Il Teatro Sociale “torna” nel 1930
In occasione del censimento Fai sono state messe a disposizione dell’associazione culturale Educarte sette immagini sul restauro della sala bustese, firmato negli anni 30 dai progettisti Ignazio Gardella e Antonio Ferrario.
Sette immagini per raccontare un restauro diventato esemplare. È questo il numero di fotografie sul progetto di riqualificazione del teatro Sociale di Busto Arsizio, firmato negli anni Trenta dai progettisti Ignazio Gardella e Antonio Ferrario, che l’Archivio storico Gardella ha messo a disposizione del comitato che appoggia la candidatura della sala di piazza Plebiscito alla settima edizione del censimento «I luoghi del cuore», promosso dal Fai.
Le suggestive immagini in bianco e nero sono già state in parte pubblicate nel prezioso volume «Del teatro – 150 anni di vita teatrale a Busto Arsizio», edito nel 1991 per iniziativa del liceo classico «Daniele Crespi». Foto che consentono di studiare l’intervento di «rammodernamento morfologico» che il progettista locale Antonio Ferrario firmò, nel 1935, con l’allora giovane Ignazio Gardella. Un tassello prezioso quello fornito dagli architetti Jacopo Gardella ed Edoarda de Ponti all’associazione culturale «Educarte» per confrontarsi con il restauro più raffinato e meditato di cui è stata fatta oggetto la sala di piazza Plebiscito nei suoi oltre centoventi anni di storia.
Il lavoro di Ignazio Gardella per il teatro Sociale di Busto Arsizio, considerato meritevole da Edoardo Persico di una segnalazione sulla rivista internazionale «Casabella» (una vera e propria Bibbia per gli specialisti del settore), si proponeva, nello specifico, di aumentare la capacità della platea e di ristrutturare la vecchia sala, costruita nel 1891 da Achille Sfondrini su modello della Scala di Milano, secondo il gusto dechirichiano in auge a quei tempi.
Le opere di restauro, storicamente attente e colte, portarono così all’eliminazione della parte centrale della prima fila dei palchi, all’arretramento del boccascena e a un nuovo impianto coloristico, giocato sulle tinte del rosa (la cupola), del rosso pompeiano (i palchi), del bruno (le tende) e del bianco (i parapetti). L’atmosfera onirica e sognante creata da questi accostamenti cromatici fu resa ancor più suggestiva dalla presenza di affreschi raffiguranti figure allegoriche: donne e angeli danzanti, tra fiori, campane, note, chiavi di violino e pentagrammi.
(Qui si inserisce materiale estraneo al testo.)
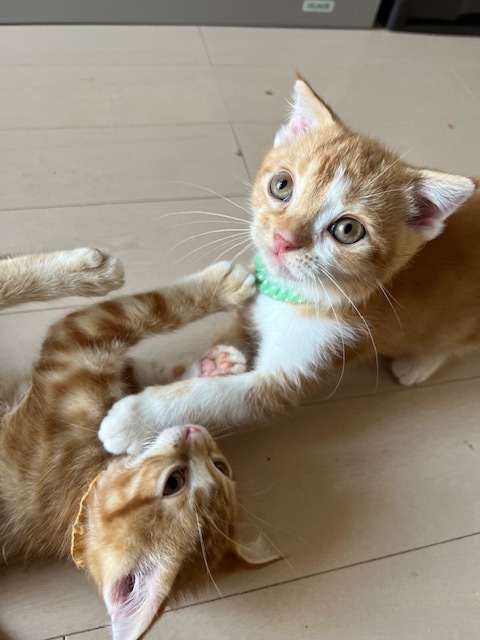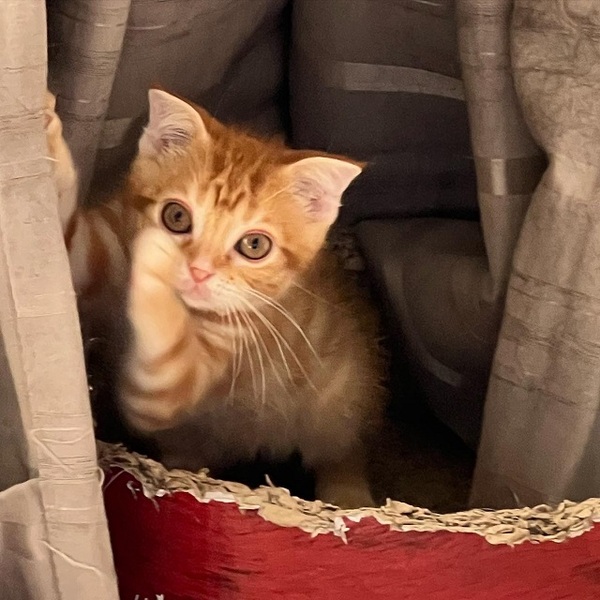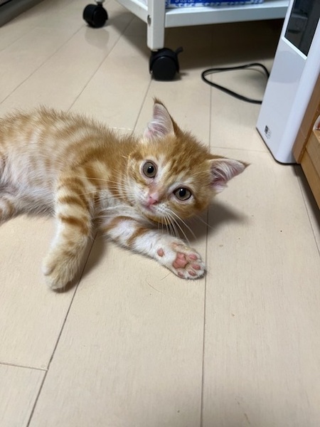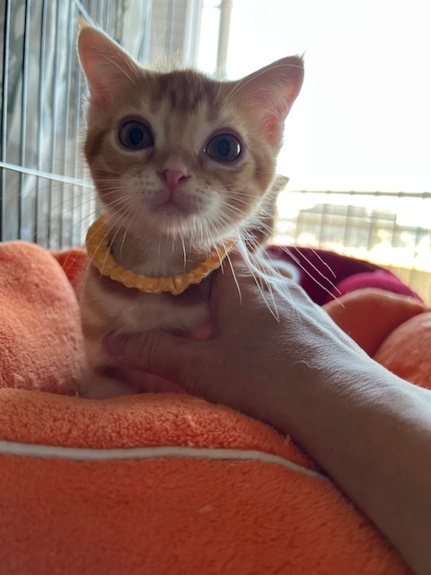 | 特徴(性格など) | ☆☆☆ご希望の方は、以下のアンケートフォームにご記入の上、送信してください☆☆☆ ねこ親希望アンケート→ http://chibawan.net/contactform_cat 【猫No】3535 【愛称】ジューシー 【性別】オス 【年齢】3ヶ月(22/05/07頃生) 【毛色】茶トラ・折れ耳・真っすぐの長しっぽ 【体重】1310g(22/08/05現在) 【状態】ノミダニ駆除済、駆虫済、猫風邪治療済、ワクチン1回接種済(22/7/19)、血液検査済(エイズ-・白血病-)、トイレ躾済 【預かり場所】東京都八王子市 【日記】Instagram @nicomama9 (https://www.instagram.com/nicomama9/?hl=ja) 【経緯】千葉県動物愛護センターから引き出しました 【性格】折れ耳で横長のお顔でスコティッシュフォールド、アメリカンショートヘアのようにも見える外見です。 人のことが大好きで、フリーにすると、まずは脚の上にのってゴロゴロと喉を鳴らします。点眼等もおとなしくできます。 好奇心旺盛で、高いところに登ったり、狭いところを探検したり毎日楽しそうに遊んでいます。 初めての他の猫や犬にも上手くご挨拶できました。 警戒心がなく、人が近づいても、雷が鳴っても、動じることなく眠っています。 恐らく生まれたときから一緒のかずみと毎日楽しく遊んでいますので、かずみと一緒に迎えてくださるご家庭を希望します。 【その他】お届けは去勢手術・マイクロチップ装着・2回目のワクチン接種などの医療が終わってからとなります(手術日は未定ですが、22/8末~9初を考えております)。 完全室内飼育で終生愛情をもって飼養してくださり、かずみに合った生活スタイルで暮らしてくださる方、脱走対策に細心の注意を払い、労を惜しまず入念に脱走対策を講じてくださる方、定期的なワクチン接種、必要な医療処置等の健康管理をお約束していただける東京近郊の方からのお問い合わせをお待ちしています。 大変申し訳ありませんが、子猫のため、55歳以上の方からのお申し込みはお断りすることがございますので、ご了承ください。 |

Della volta dipinta di rosa, probabilmente già realizzata ai tempi di Achille Sfondrini, Ignazio Gardella ritagliò solo poche figure, alle quali lasciò «una libertà che diviene -per usare le parole di Guido Maria Poggi, riportate nel volume «Del teatro – 150 anni di vita teatrale a Busto Arsizio»- semantica alla fantasia e al sogno».
Questi dipinti, così come gran parte del disegno progettuale sfondriniano (a partire dalle due file di palchi), scomparirono con il restauro realizzato nel 1955 dall’ingegnere Mario Cavallè. Dalla speranza di riportare in vita questo prezioso frammento della sala bustese, conservato sotto la contro-soffittatura della platea e oggi purtroppo nascosto alla vista del pubblico, ma anche dal desiderio di operare una riqualificazione del perimetro esterno dell’edificio, a cominciare dalla copertura impermeabilizzata della cupola, è nata l’idea di far partecipare lo storico teatro di piazza Plebiscito, costruito per iniziativa dei conti Giulio e Carolina Durini e di un’altra ventina di imprenditori locali, al censimento «I luoghi del cuore».